Tuesday, 7 June 2016

My Son's Wedding - What a Wonderful Day!

Never have I cried so much, laughed so hard, danced so madly or felt so proud. So many emotions. So much love. So much fun. Such a wonderful day. Surrounded by most of my favourite people in the world.

My brave, amazing son defeated the odds to be on his feet at his wedding. His strength and determination allowing him to stand, to declare his love for his beautiful bride in front of family and friends,  just three weeks after major surgery to remove the cancer that had turned all of our lives upside down. Supported by a crutch and with support from his wife to be, Joe said his vows and married his soulmate, his rock and his first love Jade.

Wedding


With my gorgeous grandson Ted stealing the show, and with my five beautiful children making me the proudest I have ever been, this wedding gave us all a chance to celebrate something joyous together.

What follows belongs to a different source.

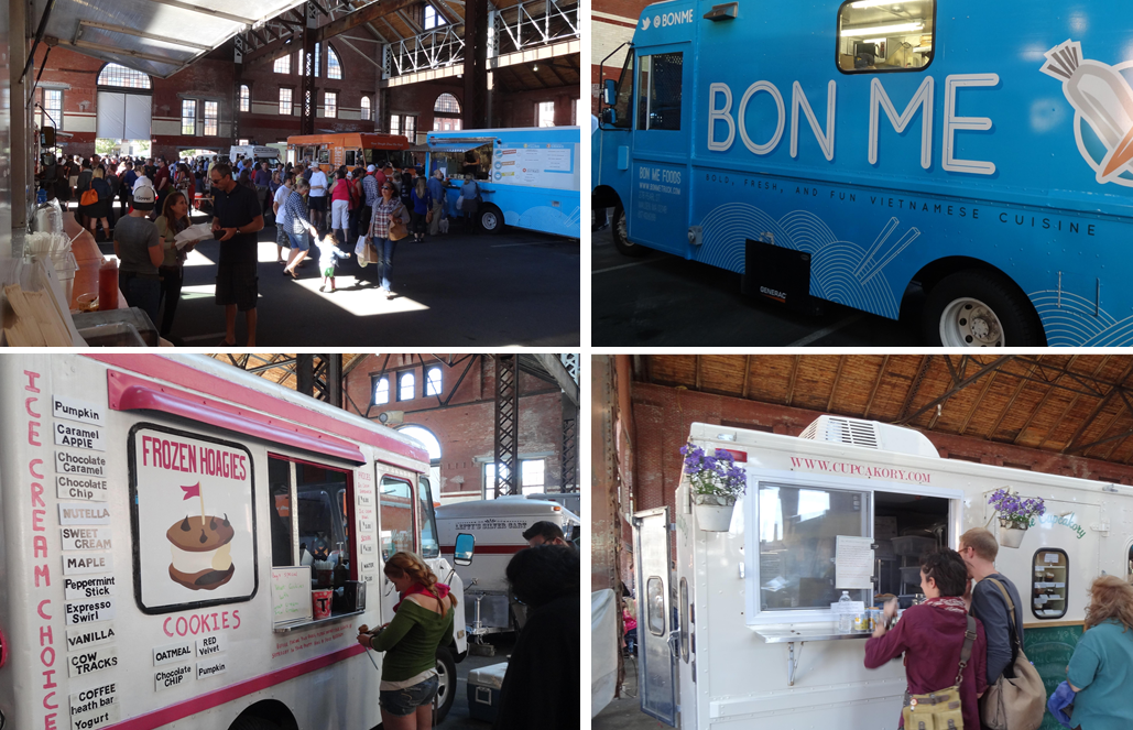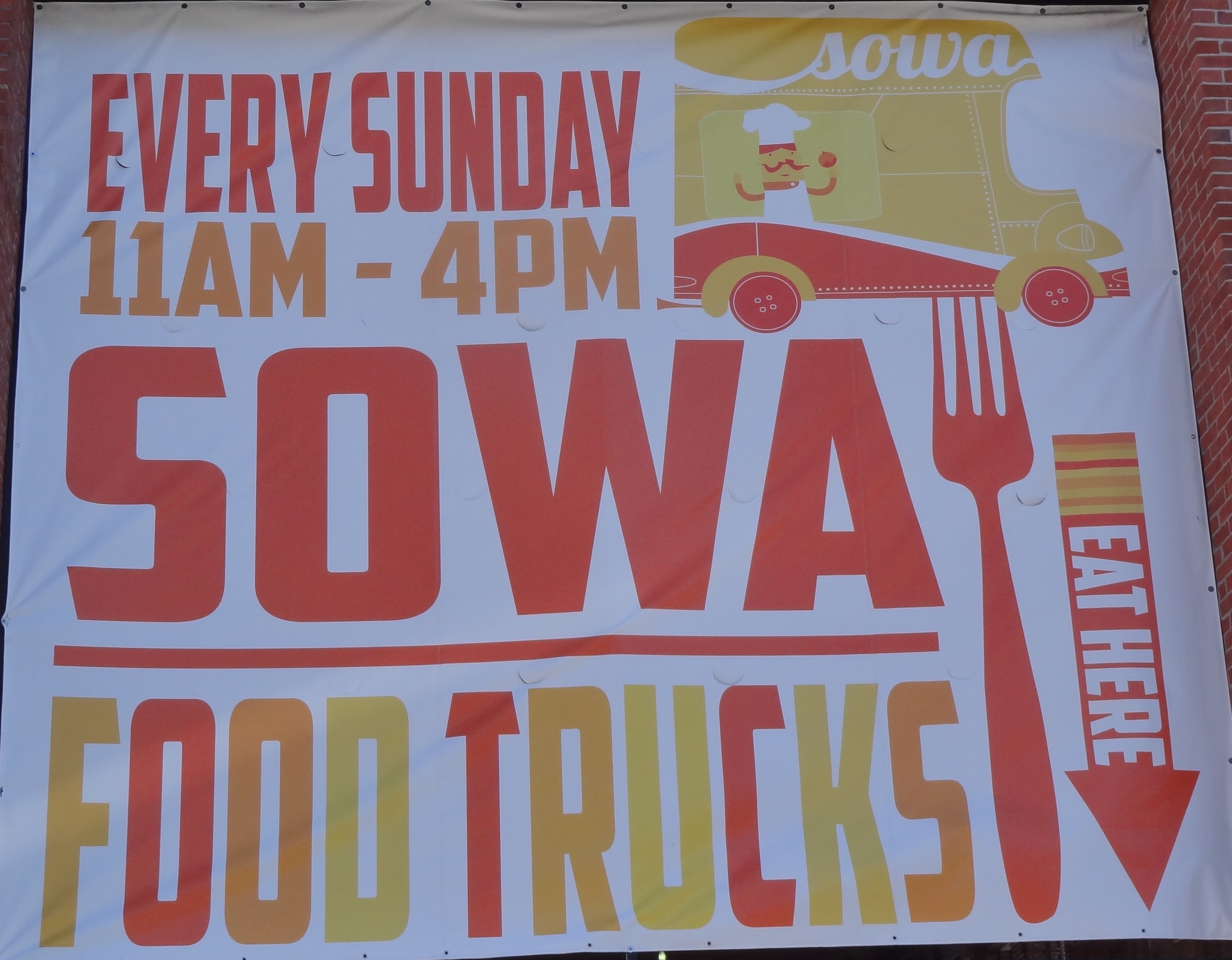 Starting this past weekend the food trucks moved to a vacant building (where the SoWa Open market originally started – by Gaslight). The food trucks popularity was causing so much congestion near the artisan booths something had to be done and this seems like the perfect solution. Just one block from the artisans, the vintage market and the farmer’s market about a dozen food trucks set up shop.

After so many months of uncertainty, we were able to simply focus on the positives. Something we all very much needed. 

wedding day, bride, groom


Joe and Jade have become the new Mr and Mrs McDonald. I hope that they are going to enjoy the title and their married life as much as Ian and I have over the years. With all they have been through together already, I know their relationship is solid and their love for each other is strong.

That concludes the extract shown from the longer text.